Где-то совсем близко полилась вода, затем кто-то принялся насвистывать незнакомую песенку. Иона осторожно выглянул из воронки: слева от него, освещенный ракетой, стоял немецкий солдат и мочился. И насвистывал себе… Потом, застегнув ширинку и все так же насвистывая, достал из-за голенища гранату с деревянной рукояткой и на что-то нацелился. Как на что-то?! Мебуке яснее ясного видел, что немец, сделав шаг вперед, нацелился именно на его воронку.
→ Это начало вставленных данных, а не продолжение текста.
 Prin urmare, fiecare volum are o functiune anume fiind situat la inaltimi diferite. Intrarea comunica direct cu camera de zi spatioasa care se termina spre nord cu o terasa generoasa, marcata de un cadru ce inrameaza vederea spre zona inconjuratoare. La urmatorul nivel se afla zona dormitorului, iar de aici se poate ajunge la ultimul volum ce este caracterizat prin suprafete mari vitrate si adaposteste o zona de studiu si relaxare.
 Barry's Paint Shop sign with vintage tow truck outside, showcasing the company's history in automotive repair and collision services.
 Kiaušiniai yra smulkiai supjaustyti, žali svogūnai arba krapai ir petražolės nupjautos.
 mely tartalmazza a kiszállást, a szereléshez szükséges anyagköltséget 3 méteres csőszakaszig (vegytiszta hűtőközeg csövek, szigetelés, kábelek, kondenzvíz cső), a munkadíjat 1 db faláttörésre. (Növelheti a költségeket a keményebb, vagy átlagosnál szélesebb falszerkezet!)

«Заметил меня или что ему померещилось?» Выяснить это Иона не успел. Немец метнул гранату. Насмерть перепугавшись, Иона бросился на дно ямы. Он услышал, как граната шлепнулась на землю и покатилась вниз, в воронку. Иона хотел прикрыть голову руками, но они уже не послушались. Как у мертвого. Он и был мертвым. Но вот робко шевельнулось сердце. Шевельнулось и опять замерло. Потом удар за ударом, все громче, все чаще. И прежде чем радостная весть дошла до сознания, Иона плотью своей почувствовал, — граната не взорвалась! Не взорвалась! Не взорвалась!
Иона приподнялся и посмотрел на немца.
«Значит, не ты моя смерть», — подумал Иона. Немецкий солдат стоял там же и спокойно насвистывал. Иона понял: ничего он не заметил, и ничего ему не померещилось, просто скучно стало человеку, вот взял и бросил гранату, чтобы немного развлечься. На переднем крае такое нередко бывает: надоест дежурному тишина и одиночество, вот он и выпустит очередь, а то и гранату швырнет, побеседует с ночью… Всяк по-своему развлекается.
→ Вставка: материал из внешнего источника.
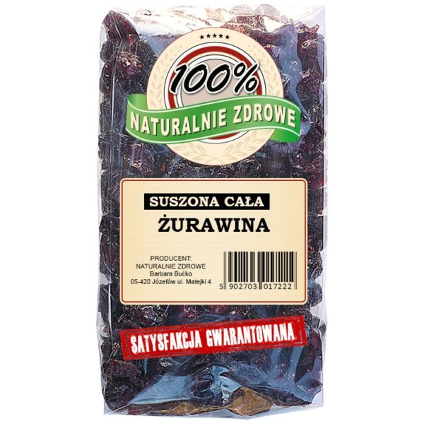 Żurawina jest jednym z najzdrowszych owoców jagodowych, jakie znajdziesz w sklepach, także jako suszone owoce. Roślina naturalnie rośnie na terenach podmokłych czy wręcz bagnistych. Powszechnie kojarzona jest z leczeniem infekcji dróg moczowych to liczba zalet jakie niesie ze sobą spożywanie żurawiny jest znacznie większa. Co więcej, żurawina wyróżnia się smakiem i niskokalorycznością, co sprawia, że doskonale sprawdza się jako słodka przekąska oraz dodatek do wielu potraw, zarówno słodkich jak i słonych.Jakie są korzyści płynące z jedzenia żurawiny? Te smaczne owoce najlepiej znane są ze swoich właściwości diuretycznych, dzięki którym przyspieszają leczenie infekcji układu moczowego. Ale prócz tego mogą też pomagać przy innych schorzeniach układu pokarmowego jak chociażby wrzody żołądka. Przy okazji żurawina, dzięki zawartości błonnika, reguluje procesy trawienne, zapewnia uczucie sytości i poprawia perystaltykę jelit. Poza tym suszona żurawina to doskonałe źródło wielu witamin. Na uwagę zasługuje szczególnie duża ilość witaminy A, C i E. Co najważniejsze, proces suszenia wcale nie pozbawia jej tych cennych właściwości. Oprócz wspomnianych witamin, owoce żurawiny zawierają także witaminę K1 oraz pokaźne ilości potasu, fosfor, jodu, manganu i żelaza. Jagody to także dużo łatwo przyswajalnych węglowodanów.Mniej znaną cechą żurawiny suszonej są jej właściwości przeciwgrzybicze i przeciwbakteryjne. Dzięki temu warto dodać ją do jadłospisu nie tylko w okresie wzmożonych infekcji, ale przez cały rok jeśli chcemy utrzymać zęby w dobrej kondycji. Owoce żurawiny przeciwdziałają próchnicy, a polifenole obecne w składzie pozwalają zwalczać stany zapalne w organizmie i przez to przyczyniają się do zmniejszenia ryzyka wystąpienia zmian nowotworowych. Prócz wymienionych wcześniej zalet, suszona żurawina posiada również te mniej znane, ale nadal bardzo istotne. Okazuje się, że spożywanie owoców żurawiny może przynieść poprawę wzroku i jakości widzenia, ale również zwiększa elastyczność stawów oraz obniża poziom złego cholesterolu LDL. Jak widać, w tym małym owocu zawarta jest bardzo duża moc z której zdecydowanie warto skorzystać. Żurawina każdego dniaChcesz włączyć żurawinę suszoną do diety? Nic prostszego. Jej kwaskowaty smak sprawia, że idealnie pasuje do wielu dań, zarówno deserów jak i wytrawnych potraw. Konfitura z żurawiny wyśmienicie smakuje na przykład z serami, a sos żurawinowy jest popularnym dodatkiem do mięs. Poza tym jagody będą idealnym dodatkiem do wypiekanych chlebów, owsianki, jogurtu czy koktajli. W końcu jako składniki mieszanki bakaliowej świetnie uzupełni smak orzechów.Żurawina suszona owoce całe – cenaMimo swoich zalet, suszonej żurawiny nie należy spożywać w dużych ilościach. Jak każdy owoc suszony jest dość kaloryczna, a dodatkowo ma dość wysoki indeks glikemiczny dlatego powinna być unikana przez diabetyków. Również kamienie nerkowe i osteoporoza są przeciwskazaniem dla spożywania żurawiny. Jeśli jednak właściwości oraz uniwersalność suszonej żurawiny przypadły Ci do gustu, a jednocześnie nie należysz do grupy osób, które powinny unikać żurawiny, zapoznaj się z naszą ofertą! W Naturalnie Zdrowe przygotowaliśmy dla Ciebie suszoną żurawinę w kilku różnych pojemnościach oraz w wyjątkowo przystępnej cenie. Nasze bakalie to wyroby najwyższej jakości, bez dodatku zbędnych substancji i niesiarkowane. Suszona żurawina Naturalnie Zdrowe będzie idealnym dodatkiem do wielu pysznych potraw, a także smaczną szybką przekąską!Skład: żurawina suszona, cukier, olej słonecznikowyKraj pochodzenia: USA, ChileMasa netto: od 250 g W zakładzie wykorzystywane są surowce zawierające: gluten, sezam, różne orzechy.Data przydatności i numer partii towaru znajdują się na opakowaniu.Przechowywać szczelnie zamknięte w suchym i chłodnym miejscu.Opakowanie może różnić się wyglądem w zależności od partii towaru. Wartość odżywcza w 100g produktu Wartość energetyczna1356 kcal / 320 kJ Tłuszcz 0,5 g w tym kwasy tłuszczowe nasycone0,1 gWęglowodany74,5 g w tym cukry65,0 g Błonnik8,7 g Białko 0,1 g Sól0,008 g PRODUCENT: NATURALNIE ZDROWE Barbara Bućko 05-420 Józefów ul. Matejki 4

«Не ты моя смерть», — опять подумал Иона, но порадоваться своему солдатскому везению не успел: немец достал вторую гранату и снова нацелился на ту злосчастную воронку. Первая не взорвалась, шума не было — а ему, видимо, хотелось пошуметь на всю округу. Но представьте себе положение Ионы Мебуке — разве и вторая граната так же тихо и безобидно скатится в воронку? Шутишь! Оружие не подводит дважды.
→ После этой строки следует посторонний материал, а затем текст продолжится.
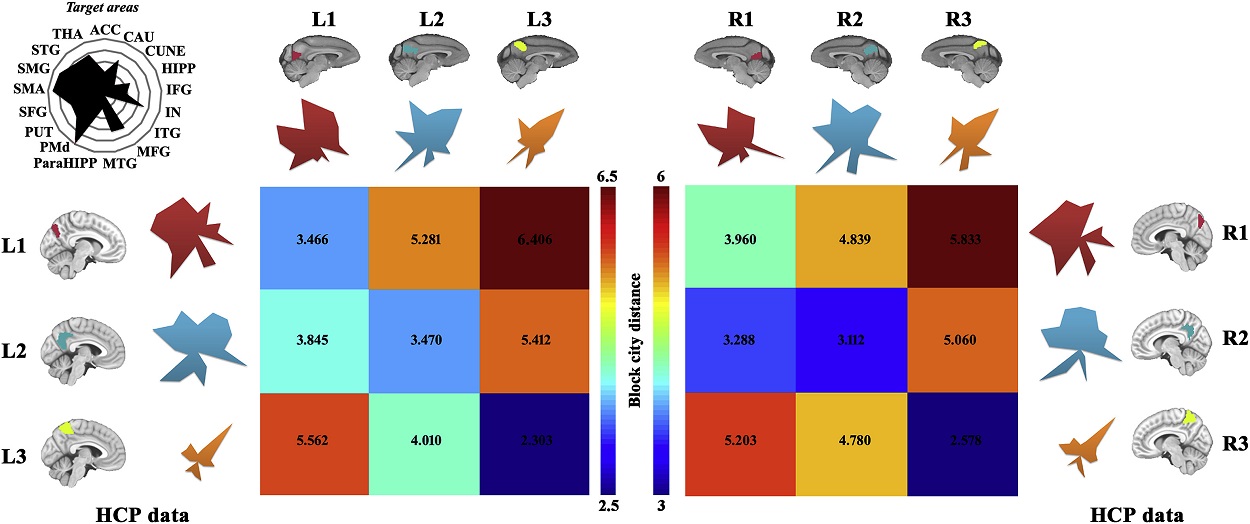 Figure. Human and macaque anatomical connectivity fingerprints for each precuneal (PCun) subregion were mapped using Human Connectome Project (HCP) data and macaque diffusion MRI data. The anatomical connectivity probability between each PCun seed region and each target was obtained for humans and macaques. Then, the anatomical connectivity was normalized and the mean connectivity probability was used to map the anatomical connectivity fingerprints. The block-city distance was used to calculate the similarity between the fingerprints of each PCun subregion in humans and macaques. Anatomical connectivity fingerprints identified correspondent PCun subregions in humans and macaques.
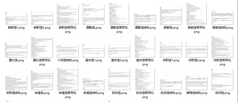 小作文一般為應用型短文,具體有請求信、建議信、投訴信、感謝信、道歉信、推薦信、求職信辭職信等內容。
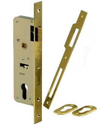 Serrature Welka da infilare Finitura Ottonata Quadro 8 Catenaccio a 2 Mandate Scrocco in Ottone Reversibile Frontale E Piastra Bord.Quadro (Senza Cilindro Sagomato) Mm. 50 ...
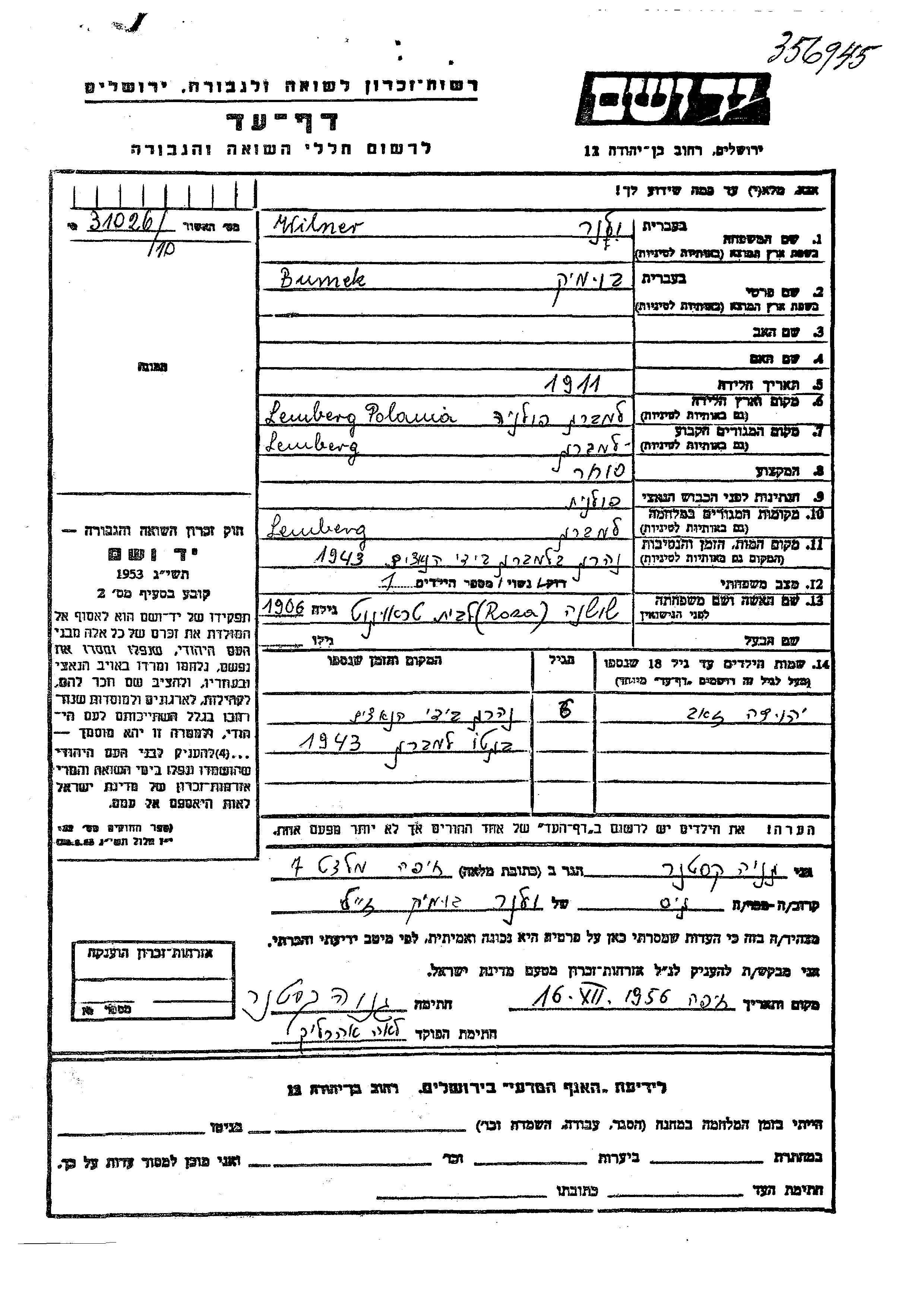 Иегуда Зеев Вильнер Вальнер Бумек Роза Шошана девичья фамилия Траугот. Ребенок. Место жительства до войны: Лемберг, Польша. Место во время войны: Лемберг, Польша.
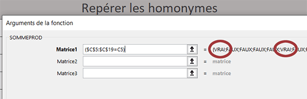 zone Matrice1. Chaque indicateur Vrai repère la position d'une concordance dans la matrice des noms avec celui qui est en cours d'analyse. Mais nous l'avons dit, nous avons besoin de travailler sur des chiffres pour que la
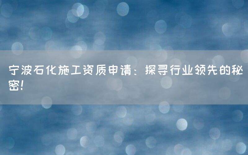 宁波石化是中国重要的石油化工基地之一,其在国内外市场上具有重要地位。作为该领域的从业者,拥有合适的施工资质对于企业来说至关重要。本文将深入探讨宁波石化施工资质申请方面的行业领先秘密。
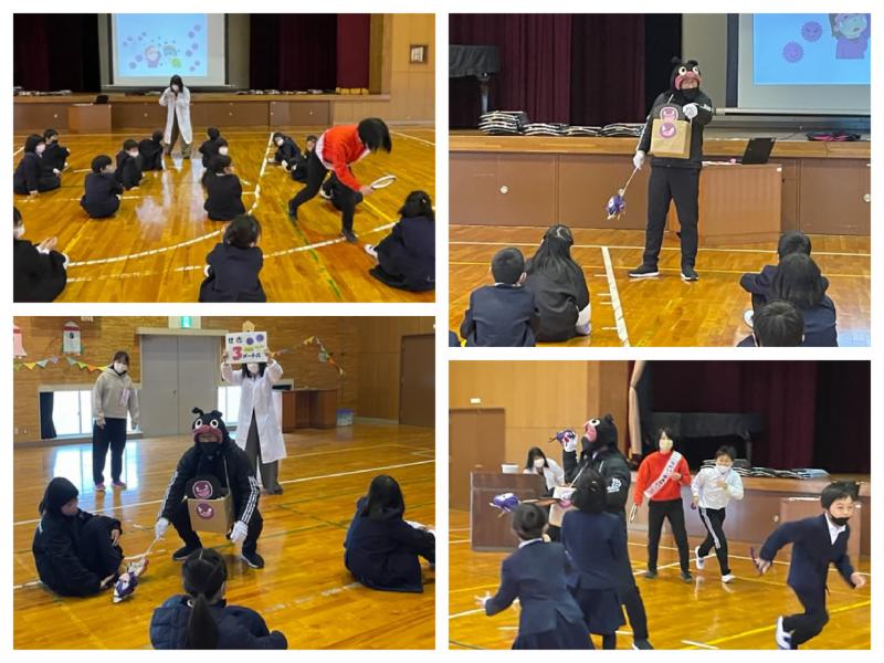 2022年3月1日 18時09分3月1日(火)の3時間目に体育館で、3年生を対象に、養護教諭の吉岡先生が、病気の予防の学習「感染症にご用心」の授業を行いました。

Остался один выход: упредить этого бездельника, всадить в него пулю. Убить его. Только так Иона может спастись. Но нет, нельзя стрелять, когда в двух шагах немецкие окопы и твой напарник режет проволоку под самым носом у вражеских часовых.
Себя-то Иона спасет, он не промахнется, но его студентик неминуемо попадет в западню, живым его немцы оттуда не выпустят. Погибнет славный мальчик, и дело провалится. На эти размышления Иона потратил всего лишь мгновение…
Он не выстрелил. Только диском автомата прикрыл голову.